His cast includes a beautiful American actress (Jacqueline Bisset); an aging matinee idol (Jean-Pierre Aumont), and his former mistress, also past her prime (Valentina Cortese); the young, lovestruck male lead (Jean-Pierre Leaud), and the entire crew of script girls, camera operators, stunt men, and a henpecked production manager. (And if you have ever wondered what the key grip does in a movie, here’s your chance to find out.) Truffaut sets half a dozen stories in motion, and follows them all so effortlessly it’s almost as if we’re gossiping with him about his colleagues.
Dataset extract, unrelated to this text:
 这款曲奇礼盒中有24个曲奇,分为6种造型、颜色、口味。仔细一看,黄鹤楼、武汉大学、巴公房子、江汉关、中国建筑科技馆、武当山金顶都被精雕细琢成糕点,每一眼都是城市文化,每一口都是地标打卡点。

The movie set is a microcosm: there is a pregnancy and a death; a love affair ended, another begun, and a third almost but not quite destroyed; and new careers to be nourished and old careers to be preserved.
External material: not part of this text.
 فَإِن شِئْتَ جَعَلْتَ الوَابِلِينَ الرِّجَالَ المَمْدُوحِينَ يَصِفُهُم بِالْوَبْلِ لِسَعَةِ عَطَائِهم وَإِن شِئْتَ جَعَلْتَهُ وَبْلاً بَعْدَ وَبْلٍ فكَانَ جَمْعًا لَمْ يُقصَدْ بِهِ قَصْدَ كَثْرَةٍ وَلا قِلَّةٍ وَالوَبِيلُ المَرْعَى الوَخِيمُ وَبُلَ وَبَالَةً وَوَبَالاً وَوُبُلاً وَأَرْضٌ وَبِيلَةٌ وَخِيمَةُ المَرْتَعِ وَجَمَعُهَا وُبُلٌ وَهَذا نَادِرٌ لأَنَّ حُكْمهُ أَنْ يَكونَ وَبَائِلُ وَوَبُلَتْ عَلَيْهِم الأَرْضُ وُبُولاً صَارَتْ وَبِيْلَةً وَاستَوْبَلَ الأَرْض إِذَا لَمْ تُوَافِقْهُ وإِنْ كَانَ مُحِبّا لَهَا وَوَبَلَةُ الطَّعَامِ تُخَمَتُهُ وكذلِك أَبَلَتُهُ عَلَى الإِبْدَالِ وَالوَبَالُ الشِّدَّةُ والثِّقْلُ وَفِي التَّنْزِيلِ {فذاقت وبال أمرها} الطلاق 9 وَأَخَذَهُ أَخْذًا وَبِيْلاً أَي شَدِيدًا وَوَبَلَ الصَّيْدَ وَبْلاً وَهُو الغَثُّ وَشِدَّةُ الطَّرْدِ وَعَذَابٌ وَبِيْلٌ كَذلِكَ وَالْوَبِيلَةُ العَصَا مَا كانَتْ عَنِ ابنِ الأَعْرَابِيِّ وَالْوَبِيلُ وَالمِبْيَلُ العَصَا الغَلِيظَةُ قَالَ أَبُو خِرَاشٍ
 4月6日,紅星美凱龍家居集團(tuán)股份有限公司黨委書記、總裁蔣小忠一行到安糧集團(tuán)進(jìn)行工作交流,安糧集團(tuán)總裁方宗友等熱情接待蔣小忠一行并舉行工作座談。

Truffaut was always a master of quiet comedy, and there are fine touches like the aging actress fortifying herself with booze and blaming her lack of memory on her makeup girl. Then there’s the young male lead’s ill-fated love for Jacqueline Bisset; she is happily married to a doctor, but unwisely extends her sympathy to the youth, who repays her by very nearly destroying her marriage as well as himself. And all the time there is the movie to be made: Truffaut gives us a hilarious session with the “trained” cat, and shows us without making a point of it how snow is produced on a set, how stunt drivers survive car crashes, and how third-floor balconies can exist without buildings below them.

What we see on the screen is nothing at all like what happens on the set a truth the movie’s title reflects. (“Day for night” is the technical term for “night” scenes shot in daylight with a special filter. The movie’s original French title, “La Nuit Americaine,” is the French term for the same process--acknowledging their debt to Hollywood.)
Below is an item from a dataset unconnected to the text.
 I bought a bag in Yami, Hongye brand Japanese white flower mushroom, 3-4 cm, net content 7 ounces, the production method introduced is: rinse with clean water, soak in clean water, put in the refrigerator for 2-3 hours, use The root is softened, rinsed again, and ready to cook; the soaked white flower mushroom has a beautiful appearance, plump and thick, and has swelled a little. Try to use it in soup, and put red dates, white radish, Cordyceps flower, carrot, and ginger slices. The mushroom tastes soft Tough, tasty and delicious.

The movie is just plain fun. Movie buffs will enjoy it like “Singin’ in the Rain” (that perfect musical about the birth of talkies), but you don’t have to be a movie buff to like it. Truffaut knows and loves the movies so much he’s infectious; one of “Day for Night’s” best scenes is a dream in which the adult director remembers himself, as a little boy, slinking down a darkened street to steal a still from “Citizen Kane” from in front of a theater. We know who the little boy grew up to be, and that explains everything to us about how he feels now.